### RAW DATA
########################################

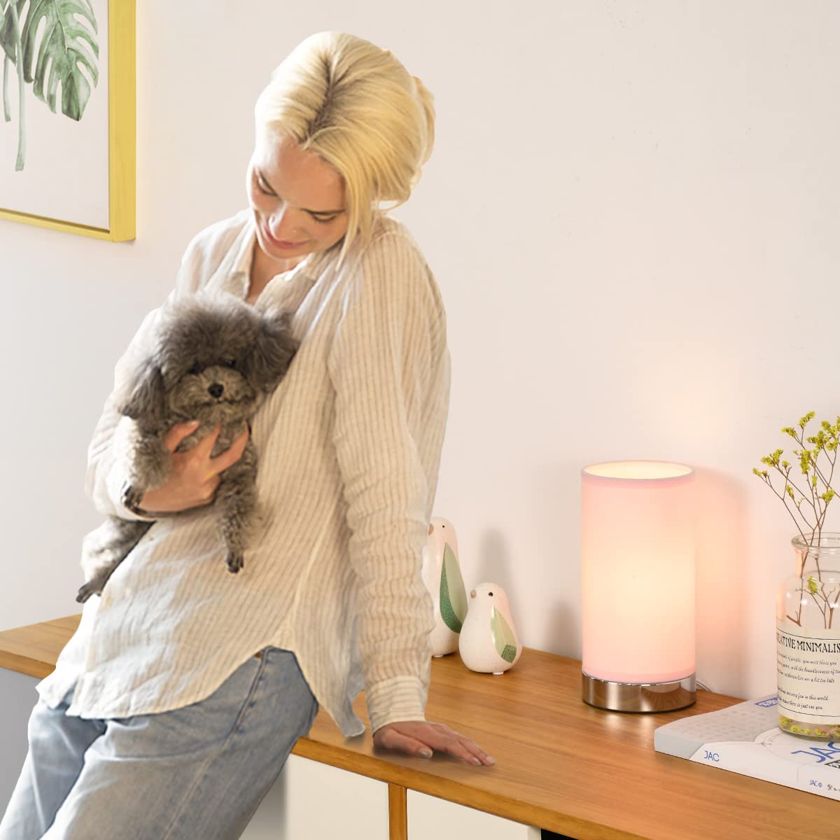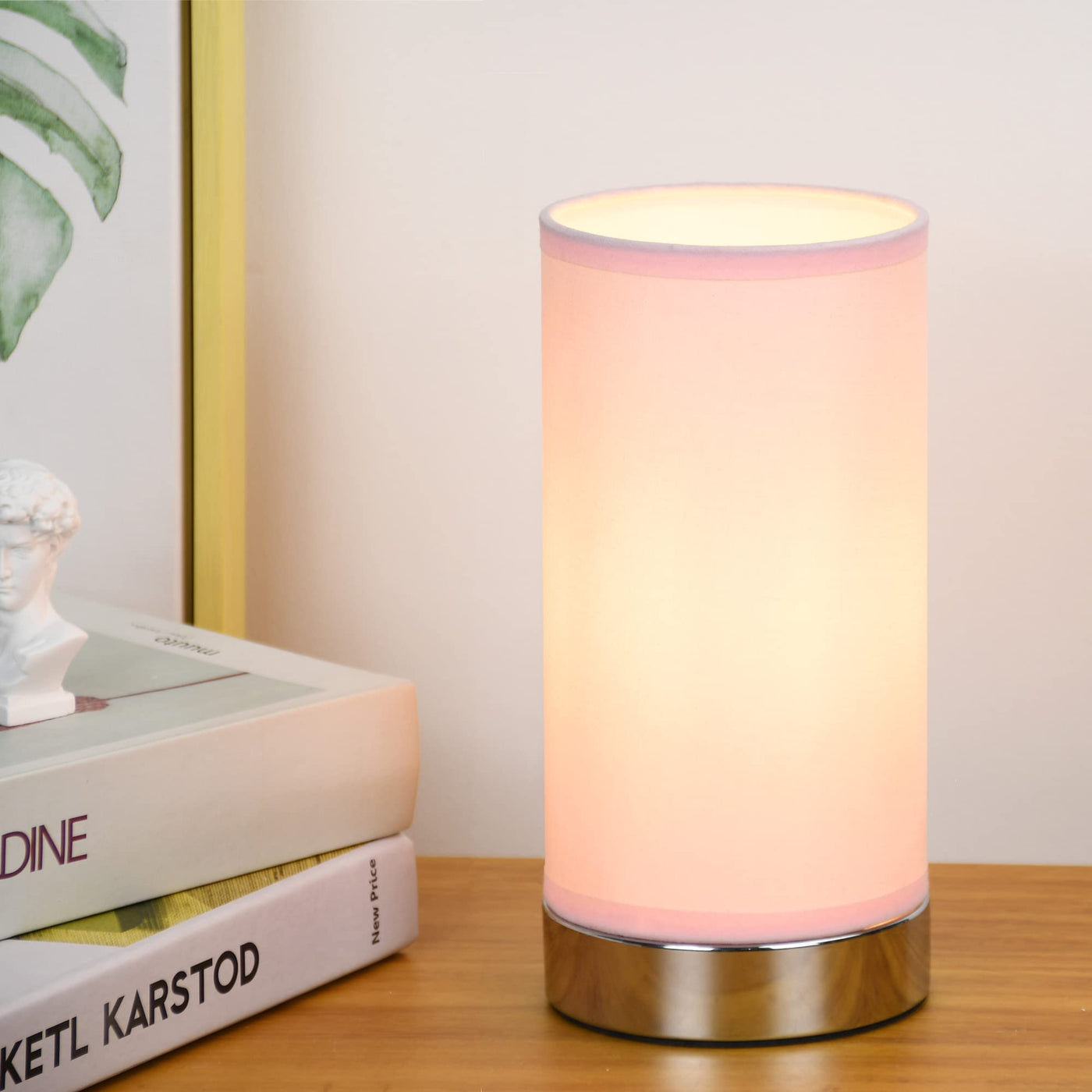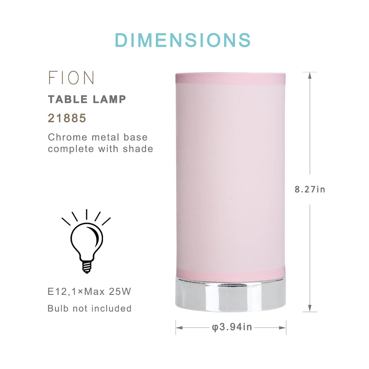Lampwell Fion Pink Small Table Lamp - Modern Bedroom & Kids Night Light, Metal & Fabric, Bulb Excluded
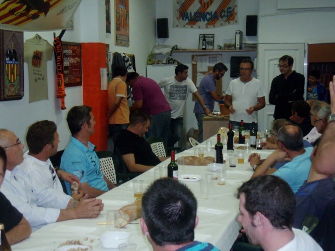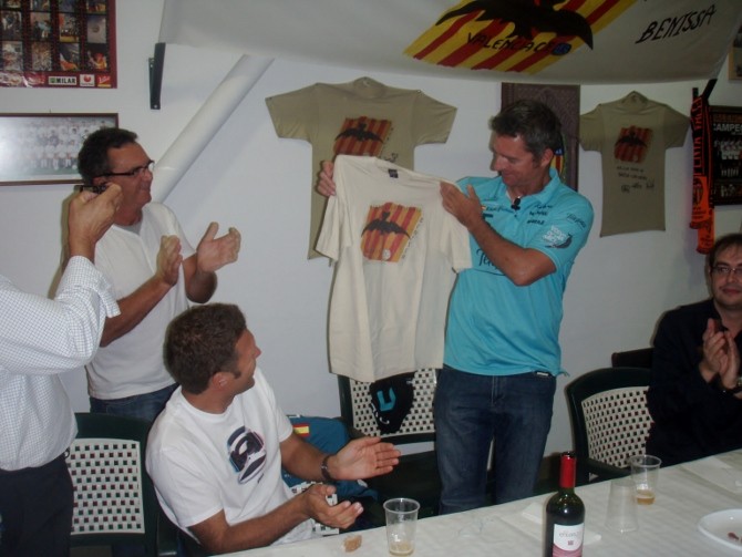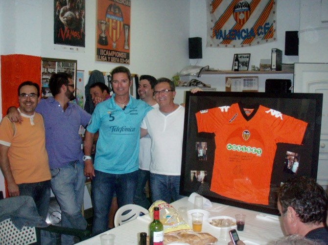 En esta cita, el Capitán del Team Telefónica, entregaba una camisita del Valencia, firmada por Albelda a la peña, que le agradecía este gesto y le correspondía con otro obsequio.
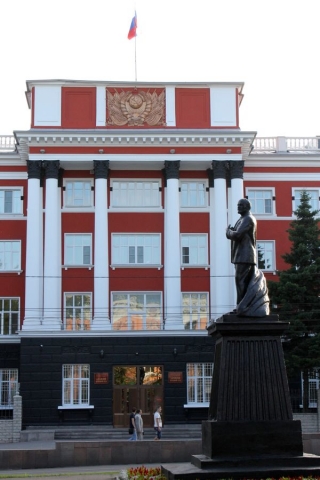 Вот и Ильич. Любопытно, что герб на здании советский, а флаг – российский
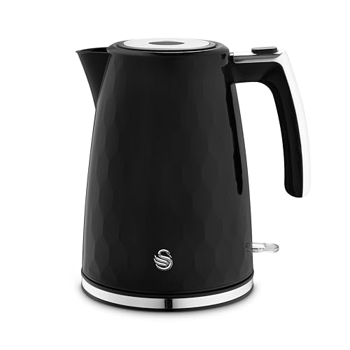 Swan SK14016BLK Elegance Cordless Kettle, Sleek Textured Gloss Finish with Rapid Boil and Dry Protection, 1.7 Litres, 3000W, Black

########################################

### ASSIGNMENT
To complete this exercise, repeat exactly the lines above from the one holding "En esta cita, el" to the end of the listing, both included, and leave the pictures out.

### REPLY
 En esta cita, el Capitán del Team Telefónica, entregaba una camisita del Valencia, firmada por Albelda a la peña, que le agradecía este gesto y le correspondía con otro obsequio.
 Вот и Ильич. Любопытно, что герб на здании советский, а флаг – российский
 Swan SK14016BLK Elegance Cordless Kettle, Sleek Textured Gloss Finish with Rapid Boil and Dry Protection, 1.7 Litres, 3000W, Black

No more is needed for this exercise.